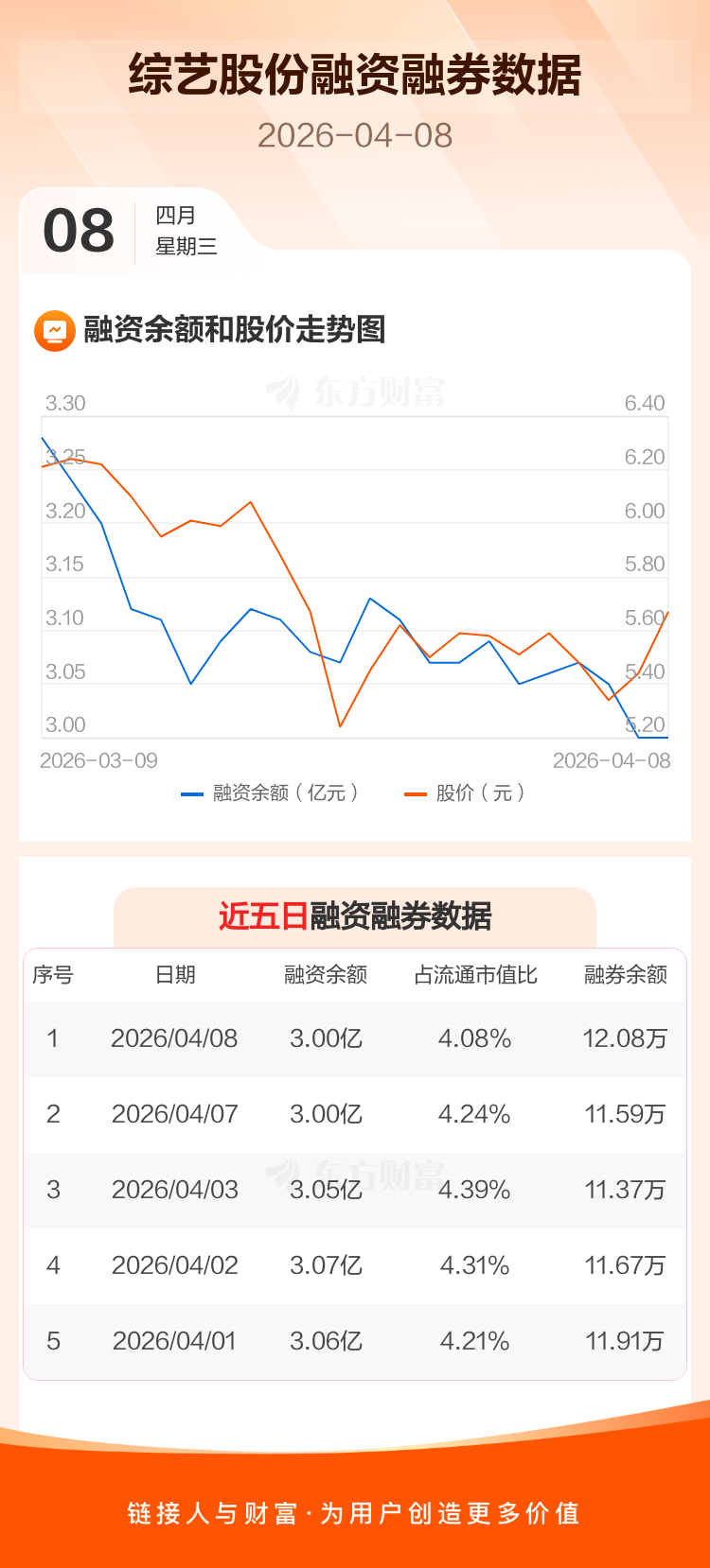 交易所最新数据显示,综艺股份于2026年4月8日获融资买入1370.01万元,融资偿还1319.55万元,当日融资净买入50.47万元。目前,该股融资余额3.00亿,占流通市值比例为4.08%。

---

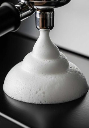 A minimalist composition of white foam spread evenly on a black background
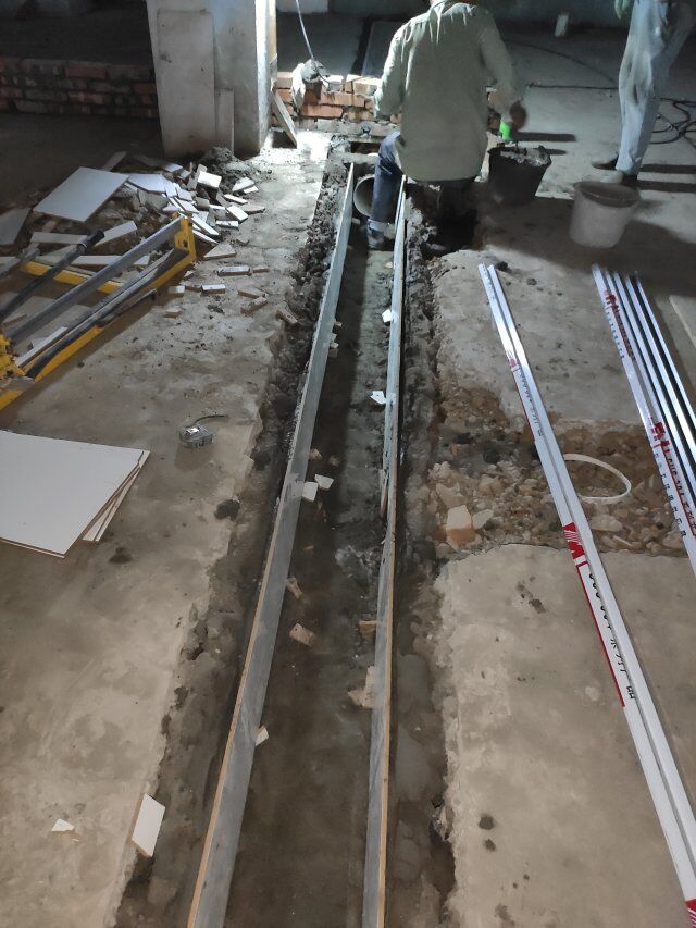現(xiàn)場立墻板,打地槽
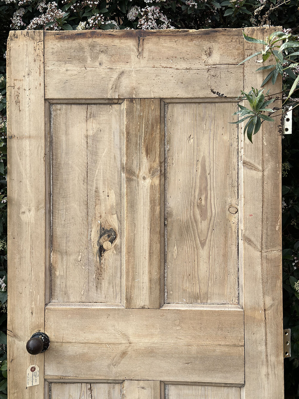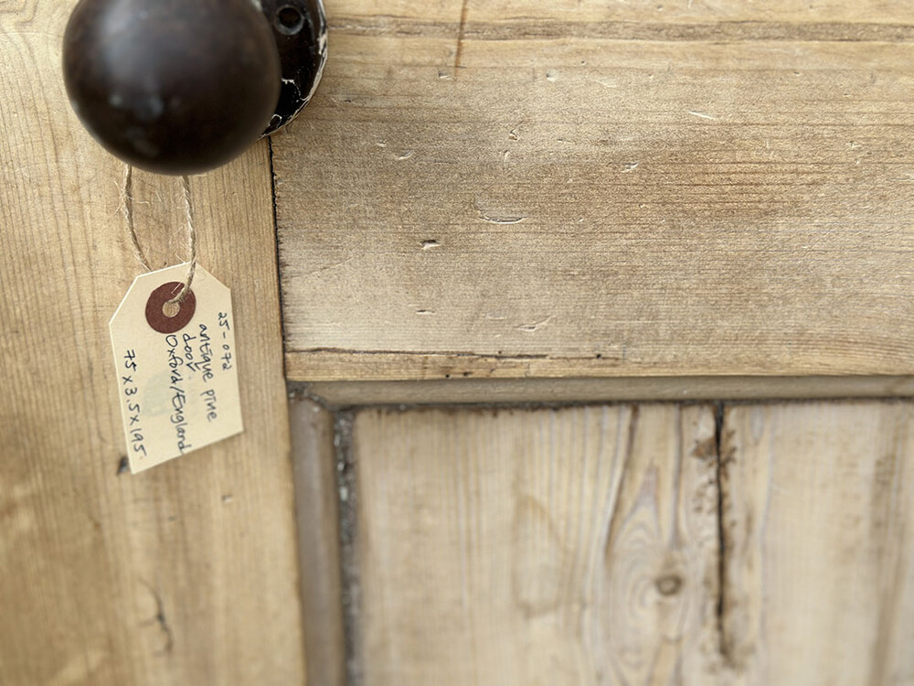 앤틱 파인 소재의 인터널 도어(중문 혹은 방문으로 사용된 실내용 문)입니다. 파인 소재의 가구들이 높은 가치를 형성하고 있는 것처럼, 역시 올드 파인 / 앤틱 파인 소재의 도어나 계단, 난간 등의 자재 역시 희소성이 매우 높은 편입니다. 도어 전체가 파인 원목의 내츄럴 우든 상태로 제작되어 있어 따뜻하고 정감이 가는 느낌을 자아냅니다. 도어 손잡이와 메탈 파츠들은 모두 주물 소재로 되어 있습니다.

--

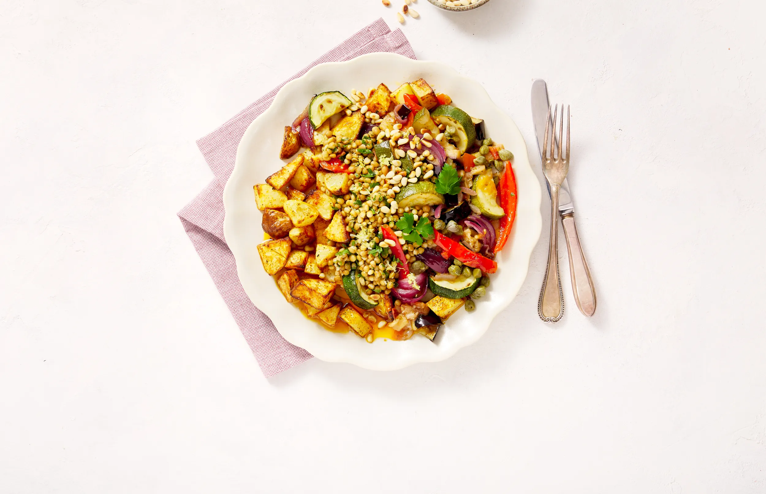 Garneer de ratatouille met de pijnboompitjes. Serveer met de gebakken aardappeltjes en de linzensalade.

• _Assignment_
Going by the entries above, repeat exactly the lines that start at the line with "A minimalist composition" and go on through the line with "앤틱 파인 소재의 인터널". Pictures are not part of the copy.

• _Response to the exercise_
 A minimalist composition of white foam spread evenly on a black background
現(xiàn)場立墻板,打地槽
 앤틱 파인 소재의 인터널 도어(중문 혹은 방문으로 사용된 실내용 문)입니다. 파인 소재의 가구들이 높은 가치를 형성하고 있는 것처럼, 역시 올드 파인 / 앤틱 파인 소재의 도어나 계단, 난간 등의 자재 역시 희소성이 매우 높은 편입니다. 도어 전체가 파인 원목의 내츄럴 우든 상태로 제작되어 있어 따뜻하고 정감이 가는 느낌을 자아냅니다. 도어 손잡이와 메탈 파츠들은 모두 주물 소재로 되어 있습니다.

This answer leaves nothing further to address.